-- YOUR OBJECTIVE --
Two lines in the data below mark the range: the one with "Diez son las" and the one with "Bright, tangy, and". Return both, along with every line between them, exactly.

-- RECORDS PROVIDED --
□ □ □ □

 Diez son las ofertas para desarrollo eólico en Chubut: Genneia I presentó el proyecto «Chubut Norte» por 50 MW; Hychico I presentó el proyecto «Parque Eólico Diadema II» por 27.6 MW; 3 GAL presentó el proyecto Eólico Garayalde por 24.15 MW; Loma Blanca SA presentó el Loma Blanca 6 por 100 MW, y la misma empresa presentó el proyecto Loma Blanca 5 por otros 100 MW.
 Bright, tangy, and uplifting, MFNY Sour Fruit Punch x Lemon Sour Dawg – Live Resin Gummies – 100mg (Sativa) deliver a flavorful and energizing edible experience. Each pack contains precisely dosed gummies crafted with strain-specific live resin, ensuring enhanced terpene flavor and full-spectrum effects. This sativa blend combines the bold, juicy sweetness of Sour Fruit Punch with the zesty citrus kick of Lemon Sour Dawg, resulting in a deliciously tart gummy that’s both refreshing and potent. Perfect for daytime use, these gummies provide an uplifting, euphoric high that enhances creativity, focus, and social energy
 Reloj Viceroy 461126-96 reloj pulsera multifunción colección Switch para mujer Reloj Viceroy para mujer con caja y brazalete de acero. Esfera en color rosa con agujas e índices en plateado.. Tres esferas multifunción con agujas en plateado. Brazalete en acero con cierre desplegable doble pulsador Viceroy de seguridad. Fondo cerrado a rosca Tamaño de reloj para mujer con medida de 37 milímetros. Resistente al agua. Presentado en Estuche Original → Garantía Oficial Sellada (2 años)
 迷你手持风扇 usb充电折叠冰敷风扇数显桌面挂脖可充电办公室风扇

□ □ □ □

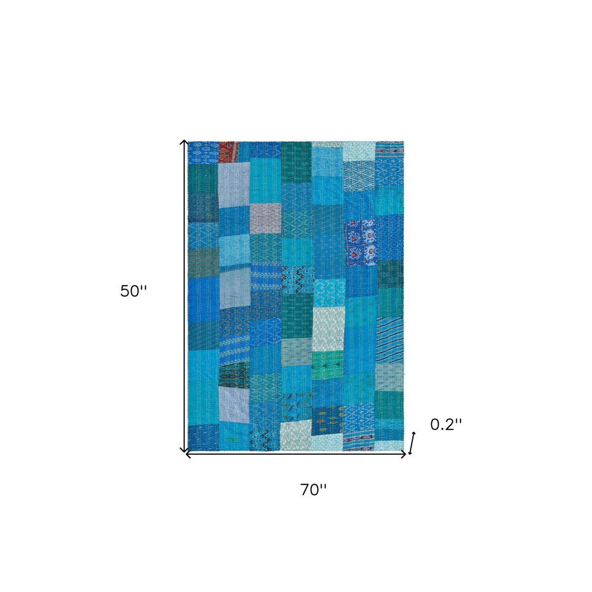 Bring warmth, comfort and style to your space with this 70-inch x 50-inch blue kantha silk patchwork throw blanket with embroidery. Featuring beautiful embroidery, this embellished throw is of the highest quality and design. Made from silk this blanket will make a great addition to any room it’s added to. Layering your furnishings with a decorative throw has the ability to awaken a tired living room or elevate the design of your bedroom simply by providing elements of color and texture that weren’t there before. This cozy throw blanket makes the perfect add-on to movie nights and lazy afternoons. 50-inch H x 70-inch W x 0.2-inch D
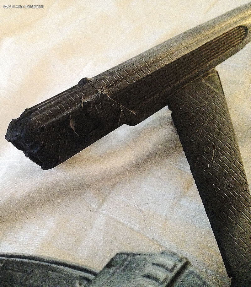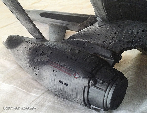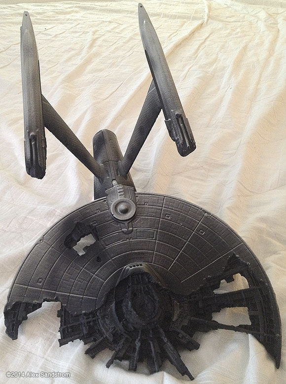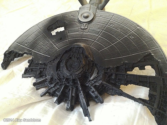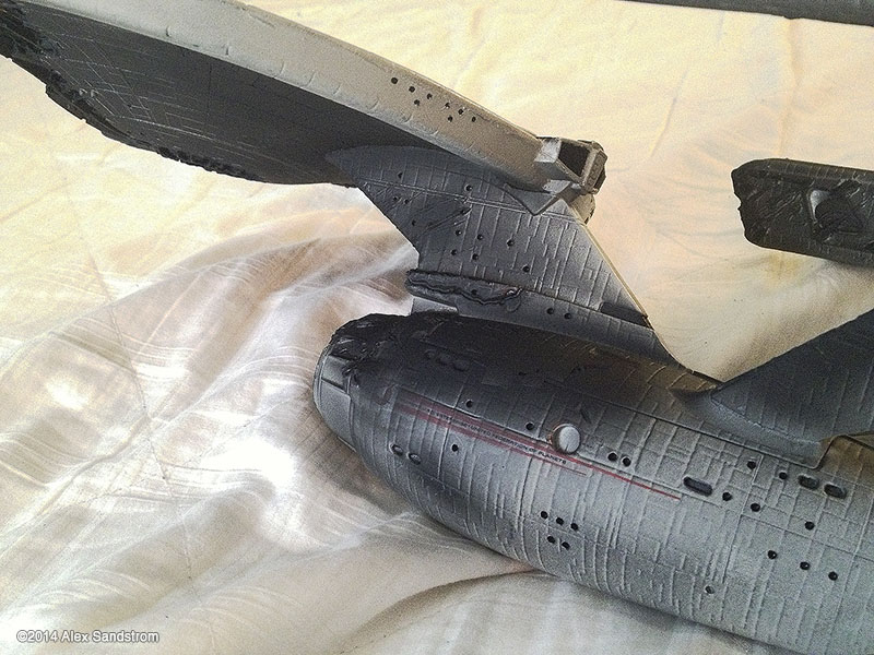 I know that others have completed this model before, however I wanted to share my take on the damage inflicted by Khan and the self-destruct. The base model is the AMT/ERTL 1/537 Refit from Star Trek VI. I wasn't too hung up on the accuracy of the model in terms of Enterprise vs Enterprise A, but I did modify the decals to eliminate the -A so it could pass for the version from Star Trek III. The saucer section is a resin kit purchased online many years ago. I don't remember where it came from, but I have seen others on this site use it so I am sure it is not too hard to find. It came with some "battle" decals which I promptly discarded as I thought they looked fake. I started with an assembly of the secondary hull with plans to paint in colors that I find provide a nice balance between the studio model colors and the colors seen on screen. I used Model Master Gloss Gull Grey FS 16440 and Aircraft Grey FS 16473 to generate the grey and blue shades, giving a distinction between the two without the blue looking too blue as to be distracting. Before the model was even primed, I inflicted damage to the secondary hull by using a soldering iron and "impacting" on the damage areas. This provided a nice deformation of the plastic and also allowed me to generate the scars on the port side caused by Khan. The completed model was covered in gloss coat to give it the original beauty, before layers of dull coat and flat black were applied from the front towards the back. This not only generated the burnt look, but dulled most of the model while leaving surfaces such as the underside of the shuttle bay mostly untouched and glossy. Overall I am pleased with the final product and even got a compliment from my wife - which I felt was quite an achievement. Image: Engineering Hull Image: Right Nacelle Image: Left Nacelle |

□ □ □ □

-- ANSWER FOR THIS EXERCISE --
 Diez son las ofertas para desarrollo eólico en Chubut: Genneia I presentó el proyecto «Chubut Norte» por 50 MW; Hychico I presentó el proyecto «Parque Eólico Diadema II» por 27.6 MW; 3 GAL presentó el proyecto Eólico Garayalde por 24.15 MW; Loma Blanca SA presentó el Loma Blanca 6 por 100 MW, y la misma empresa presentó el proyecto Loma Blanca 5 por otros 100 MW.
 Bright, tangy, and uplifting, MFNY Sour Fruit Punch x Lemon Sour Dawg – Live Resin Gummies – 100mg (Sativa) deliver a flavorful and energizing edible experience. Each pack contains precisely dosed gummies crafted with strain-specific live resin, ensuring enhanced terpene flavor and full-spectrum effects. This sativa blend combines the bold, juicy sweetness of Sour Fruit Punch with the zesty citrus kick of Lemon Sour Dawg, resulting in a deliciously tart gummy that’s both refreshing and potent. Perfect for daytime use, these gummies provide an uplifting, euphoric high that enhances creativity, focus, and social energy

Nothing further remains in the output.